Column Marcel Schoemaker: Zo

Carnaval 2025 begon dit jaar vroeg in Stokvissengat. De elf uit Deventer waren er speciaal voor naar Lampengat gereisd met de bus. Ze deden er hun stinkende best en verdienden er een optreden in Dwalmdam mee. Een paar dagen later, carnaval was inmiddels echt aangebroken, wisten de Lampegatters zich weer geen raad van elf met die uit het Stokvissengat. De massa kolkte als vanouds op de tribunes. Conclusie: dit is toch eigenlijk niet mogelijk. Maar dat was het wel. Naast haring was stokvis in de Middeleeuwen jarenlang een product dat de Deventer handelaren in de rijke Hanzeperiode uit Scandinavië haalden. Bergen- en Schonenvaarders werden ze genoemd. Ze werden er rijk mee en de Deventenaar had zijn bijnaam te pakken: stokvis.
Die Hanze is een beetje blijven hangen in de hedendaagse cultuur. Het Sallands als onderdeel van het Nedersaksisch taalgebied. Dat strekt zich uit tot in Denemarken. Nog steeds kan een Nedersaksische Twent in zwaar dialect de weg vragen in Kopenhagen. Krijgt ie beleefd antwoord van de lokale Deen. Ze verstaan elkaar. Ze begrijpen elkaar. Dat zien we terug bij de dit seizoen zo succesvolle adelaars. Op de keper beschouwd is het een geolied Hanzeteam waar we naar kijken. Met veel Vikingen, een enkele Duitser en slimme Nederlanders. Culturen die elkaar al eeuwen lang begrijpen en dat ook op een groen strijdveld tot uitdrukking weten te brengen. Mooi toch? Die hoef je in hun strijd tegen die Bourgondiërs van onder de grote rivieren niet extra te motiveren.

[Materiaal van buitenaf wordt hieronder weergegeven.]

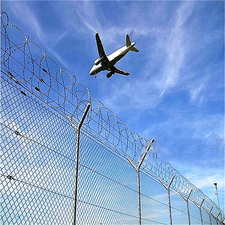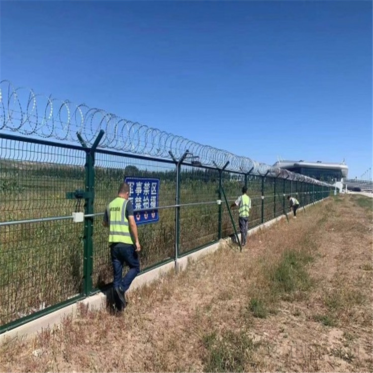 新聞動(dòng)態(tài)機(jī)場(chǎng)圍界從字義理解“圍”主要指圍護(hù)、隔離的意思,就是指的機(jī)場(chǎng)圍界的安全防護(hù)功能,它將機(jī)場(chǎng)防護(hù)隔離起來(lái)避免外界的攻擊與襲擾。“界”是范圍的意思,就是界定飛機(jī)場(chǎng)的范圍,因?yàn)轱w機(jī)場(chǎng)是特殊區(qū)域,具有特定的意義,不僅是地面領(lǐng)域還包括空域、電磁干擾區(qū)域等。是專為機(jī)場(chǎng)設(shè)計(jì)金屬隔離網(wǎng)產(chǎn)品,機(jī)場(chǎng)圍界作為機(jī)場(chǎng)防護(hù)網(wǎng)的統(tǒng)稱,采用高強(qiáng)度低碳鋼絲強(qiáng)力焊接,立柱為矩形鋼及高強(qiáng)度圓管,頂部加焊V型支架,大大增強(qiáng)了圍網(wǎng)的抗沖擊力,頂部在增加刀片刀刺絲后又很快的增強(qiáng)了安全防護(hù)性能。

Die beten tweemaal hun tanden kapot op die culinair onmogelijke stokvis. De Hanzeaten uit Deventer deden er hun voordeel mee. Het visseizoen kan niet meer kapot. En als eind april de adelaar ook nog die Alkmaarse vis weet te verschalken, dan is het de rest van het jaar carnaval in Stokvissengat. Ooh oooh, ooh oooh. In Deventer zingen we zo.